Coronary artery bypass grafting (CABG) remains the gold standard coronary revascularization procedure in patients with significant symptomatic obstructive coronary artery disease. Diabetics are thought to benefit from CABG given the multiplicity and extensiveness of their coronary atherosclerotic lesions . On the other hand, diabetics are more prone to worse outcomes post cardiac surgery compared with others.
Despite of being a major risk factor of morbidity and mortality after cardiac surgery, a specific role of DCM has not been clearly elucidated.
This case reports a role that DCM might have played in adversely affecting a patient’s course on CPB.
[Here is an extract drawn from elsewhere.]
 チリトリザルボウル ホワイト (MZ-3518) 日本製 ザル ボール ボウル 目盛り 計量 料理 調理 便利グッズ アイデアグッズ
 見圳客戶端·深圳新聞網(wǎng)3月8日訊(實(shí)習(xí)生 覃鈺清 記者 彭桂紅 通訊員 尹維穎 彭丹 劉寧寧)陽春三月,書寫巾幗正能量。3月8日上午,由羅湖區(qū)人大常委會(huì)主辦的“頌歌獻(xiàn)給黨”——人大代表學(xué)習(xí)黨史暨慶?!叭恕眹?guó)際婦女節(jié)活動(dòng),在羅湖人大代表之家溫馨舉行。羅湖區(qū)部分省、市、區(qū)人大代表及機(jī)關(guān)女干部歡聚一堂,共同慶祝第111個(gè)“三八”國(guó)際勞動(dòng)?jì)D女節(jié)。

A 51-year-old white male with an acute onset of chest discomfort and elevated troponins was taken to the operating room for a threevessel CABG. His past medical history was significant of type I diabetes on insulin (hemoglobin A-1C = 8 g/dl), hypothyroidism controlled by L-thyroxin, obesity (body mass index of 33), hypertension controlled by lisinopril and metoprolol, and smoking. Preoperative electrocardiogram (EKG) showed ST segments depressions (> 1 mm) in the antero-spetal distribution. Preoperative transthoracic echocardiography (TTE) revealed normal left ventricular systolic function with an ejection fraction (EF) greater than 60%, together with mild increase in left ventricular septalwall thickness (1.3 cm). Diastolic function was not reported on preoperative TTE. No other abnormalities were seen on TTE. Preoperative coronary angiography revealed significant triple vessel disease (left circumflex artery=75%, left anterior descending artery=80%, and posterior descending artery=90%). The patient was instructed to continue taking metoprolol and to abstain from taking lisinopril on the morning of the procedure.
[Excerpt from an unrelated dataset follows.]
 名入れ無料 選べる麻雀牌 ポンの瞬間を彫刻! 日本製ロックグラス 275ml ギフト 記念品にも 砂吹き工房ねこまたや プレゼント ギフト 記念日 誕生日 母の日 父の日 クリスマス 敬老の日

Physical exam was significant of mild shortness of breath, tachycardia and mild sweating. Chest, airway and heart exam were unremarkable. Based on history and physical exam, the patient’s calculated EUROSCORE II was 3.18.
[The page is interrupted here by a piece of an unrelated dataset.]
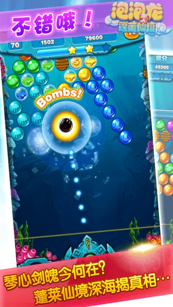 泡泡龍蓬萊仙境是一款創(chuàng)新型的泡泡龍游戲。手中執(zhí)劍方能保護(hù)珍惜之人,數(shù)千年的宿命與恩怨,終將了結(jié)于蓬萊海底……創(chuàng)新的泡泡龍游戲,融入了古劍的新穎活力。泡泡龍蓬萊仙境玩法獨(dú)特,跌宕起伏,動(dòng)人唯美,通關(guān)爽快,令人迷戀不已。玩一次,你就會愛上一輩子。每天來玩都送金幣,焚寂/玉衡輕松拿,體力自動(dòng)恢復(fù),擊敗關(guān)卡BOSS獎(jiǎng)勵(lì)更豐富,2014年末鉅獻(xiàn),你值得擁有!

In addition to standard ASA monitors, an arterial line catheter and a pulmonary artery catheter with continuous cardiac output monitoring capability were placed. General anesthesia was induced intravenously with ketamine/propofol (70 and 100 mg, respectively), fentanyl (250 mcg), and succinylcholine (100 mg). The trachea was intubated using a glidescope and a flexible fiberoptic scope due to an unanticipated difficulty in using direct laryngoscopy. Anesthesia was maintained with sevoflurane (1.5 MAC) in 50% oxygen, and incremental doses of fentanyl and cisatracurium. Blood glucose levels were maintained in the range of 150-180 mg/dl by the use of insulin infusion. Despite a normal systolic function on preoperative TTE, intraoperative transesophageal echocardiography (TEE) (Siemens Acuson CV70) showed severely declining left ventricular global systolic function (EF= 35%, using Simpson’s method) and severe diastolic dysfunction (shown on TEE, Table 1). Due to severe systolic dysfunction, the patient was started on epinephrine infusion prior to initiation of CPB (Figure 1). Interestingly, despite normal biventricular end systolic and diastolic dimensions, small boluses of intravenous fluids (500 mls) were associated with noticeable increases in biventricular end diastolic areas and filling pressures (central venous and pulmonary end diastolic)on TEE and pulmonary artery catheter recordings, respectively.
Figure 1: A schematic diagram of hemodynamic data pre-, during, and post cardiopulmonary bypass. The X-axis represents hourly time intervals. The y-axis represents corresponding changes in hemodynamic data. Epinephrine was started to treat sever systolic dysfunction that stated after induction of anesthesia prior to CPB. An intra-aortic balloon pump was subsequently instituted. Left ventricular assist device was subsequently instituted due to a lack of pronounced hemodynamic response to pharmacologic and balloon pump support.
A triple vessel bypass was performed successfully (left anterior descending artery to left internal mammary artery, saphenous venous graft to each of posterior descending artery and obtuse marginal arteries) was performed on CPB. Total aortic cross clamp and bypass times were 90 and 110 minutes, respectively.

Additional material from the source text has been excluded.